TPP members eager to proceed without Trump, says APEC boss

Bollard warns U.S. re-entry could slow momentum of trade pact

Delegates from the remaining members of the Trans Pacific Partnership (TPP) attend the TPP meeting in Tokyo on Nov. 21 in 2017. (Photo by Masayuki Terazawa)

TOKYO -- Members of the Comprehensive and Progressive Agreement for Trans-Pacific Partnership, or TPP 11, are eager to kick off the ambitious trade pact without the U.S., according to the head of the Asia-Pacific Economic Cooperation.

"TPP [11] is happening; the economies involved have agreed, and it is starting," Alan Bollard, APEC Secretariat executive director, told the Nikkei Asian Review in a recent interview. "All the counties want to see TPP [11], as it is, starting."

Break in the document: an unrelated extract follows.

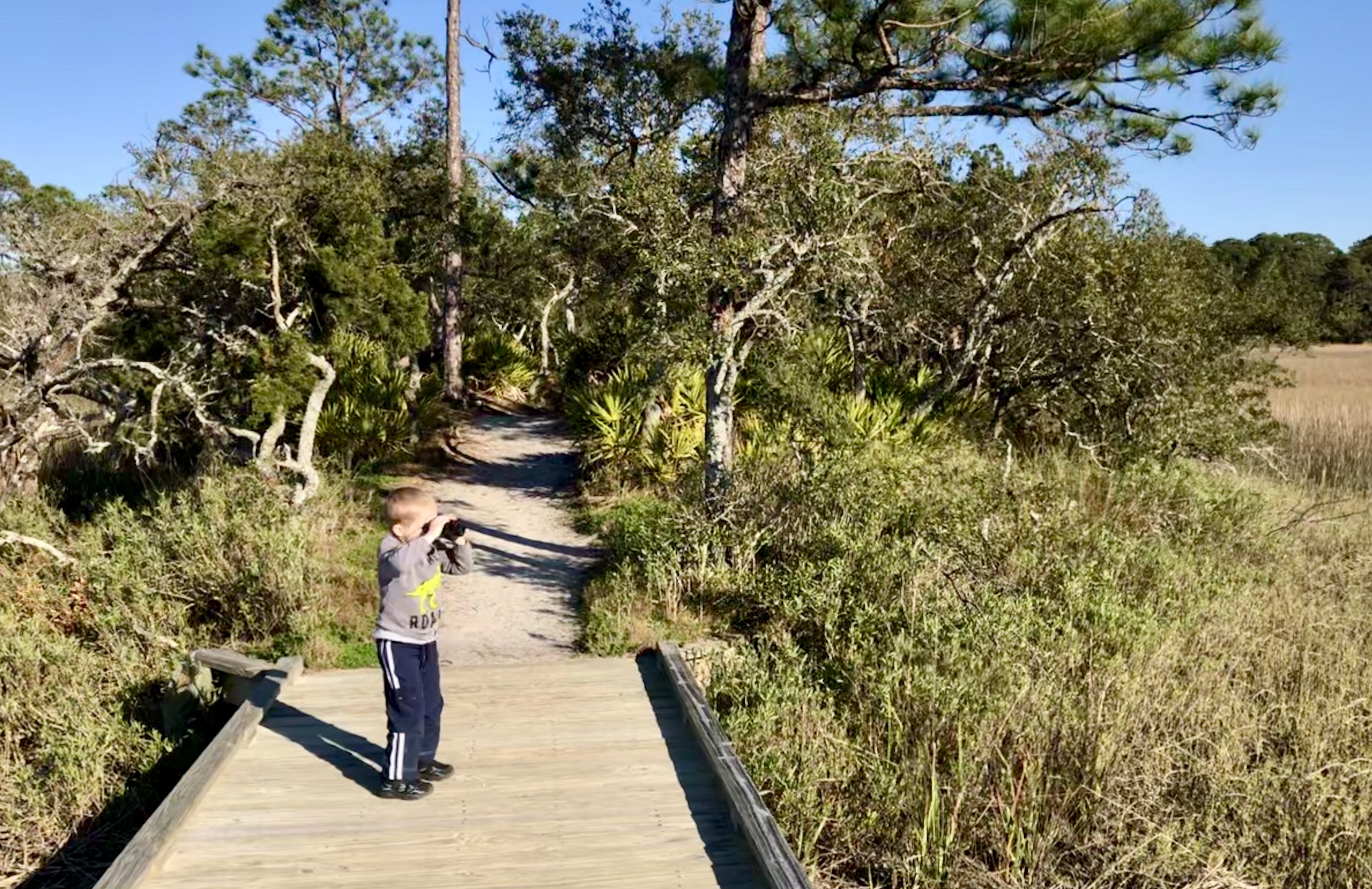 In addition to the lighthouse, we made stops at the Visitor Center, the Nature Center, the Marsh Boardwalk, and the Campground Store. The Visitor Center has a few alligators living in the pond out front, one of which we were able to see sunning herself on the bank. Everett also really enjoyed seeing the local animals who called the Nature Center home. The boardwalk was an easy walk, but if you have spirited kids, beware that there aren’t any rails on the walkways over the marsh. The Campground Store was well stocked and had a lot of great gifts and keepsakes. We made sure to pick out an ornament for our collection and a few gifts for family members.

Bollard, who was visiting Tokyo for a meeting of business leaders from APEC members, warned that a U.S. re-entry could slow the momentum of TPP. "If the U.S. or another entrant joined, they might want to renegotiate some of the suspended clauses. But they would have to get consent from all counties, and that would be complex."

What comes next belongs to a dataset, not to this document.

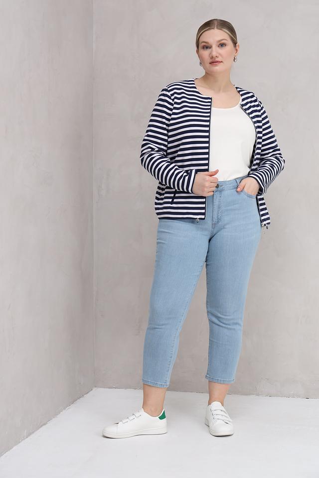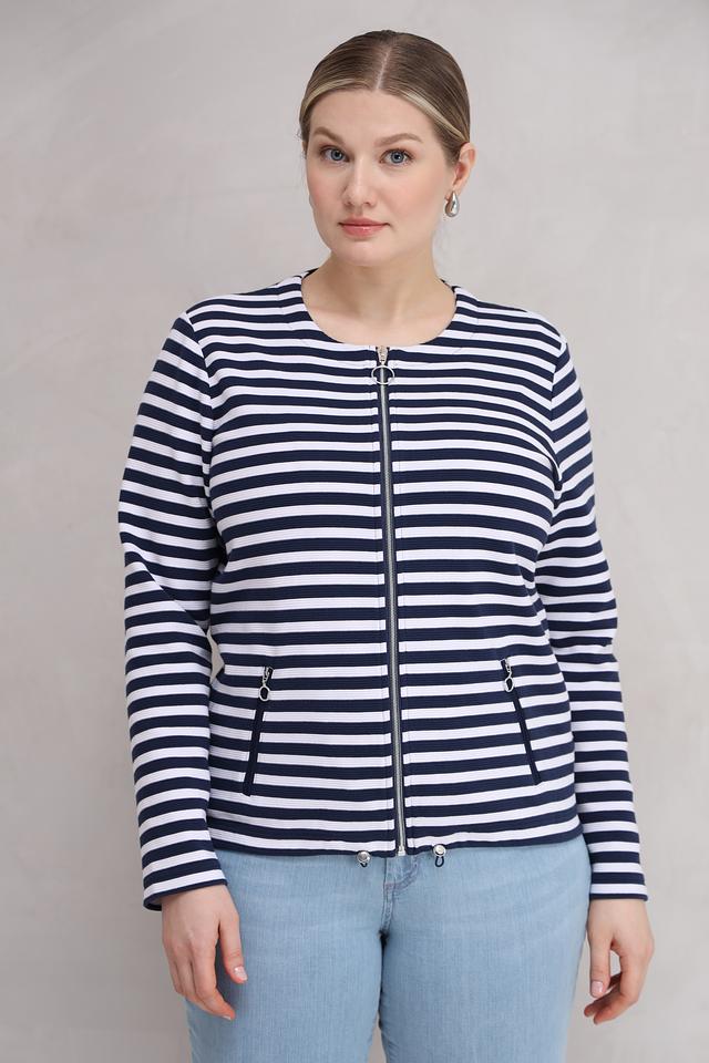 Жакет Rabe collection сине-белого цвета – стильная и удобная модель на молнии. Жакет имеет полосатый принт и дополнен функциональными карманами на молнии, что делает его практичным и современным. Состав: хлопок 80%, полиэстер 15%, эластан 5%

He added that a U.S. re-entry is possible "in some years," but "everybody is focused on getting TPP [11], as it is, operating." Bollard oversees the APEC meetings, a key event for discussing trade frameworks.

The remarks are an indication of growing doubts over President Donald Trump's trade policy. As recently as last week, Trump said the U.S. might consider rejoining the trade pact if it was "substantially better than the deal offered to [former President] Obama." But after meetings with Japanese Prime Minister Shinzo Abe, he declared on Thursday: "I don't want to go back into TPP." He would "prefer a bilateral deal," he said.

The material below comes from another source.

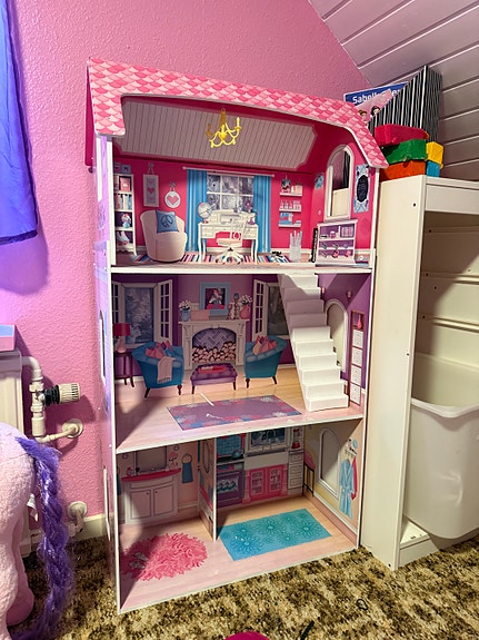 Dukkehus i træ m. tilbehør

Alan Bollard, APEC Secretariat executive director, speaks to the Nikkei Asian Review in Tokyo. (Photo by Wataru Suzuki)

Bollard said Trump is sending "contradictory signals" on TPP, noting that bilateral trade agreements are "a slow and complex way to advance trade in the region."

The original TPP was agreed by 12 countries, including Japan and the U.S., in 2015. It was thrown into uncertainty after Trump announced the withdrawal of the U.S. shortly after taking over the presidency. During the APEC summit at Vietnam in November, the remaining 11 countries agreed to modify the content of the TPP, with the aim of enforcing it in 2019.

While the economic impact of the TPP 11 is much smaller without the U.S., Bollard said the pact is "still attractive," with the involvement of Japan.

Established in 1989, APEC is a forum that promotes free trade. It currently comprises 21 members, including the U.S., China, Russia and Japan, which account for half of global trade and around 60% of global GDP. The TPP will pave the way to its broader ambition of creating a free trade zone across the Asia Pacific region, dubbed the FTAAP.

Bollard admitted that "we're nowhere near getting a negotiation for FTAAP in the near term." Still, he stressed that the "broad tenets of APEC are absolutely still there," despite the uncertainty surrounding U.S. trade policy.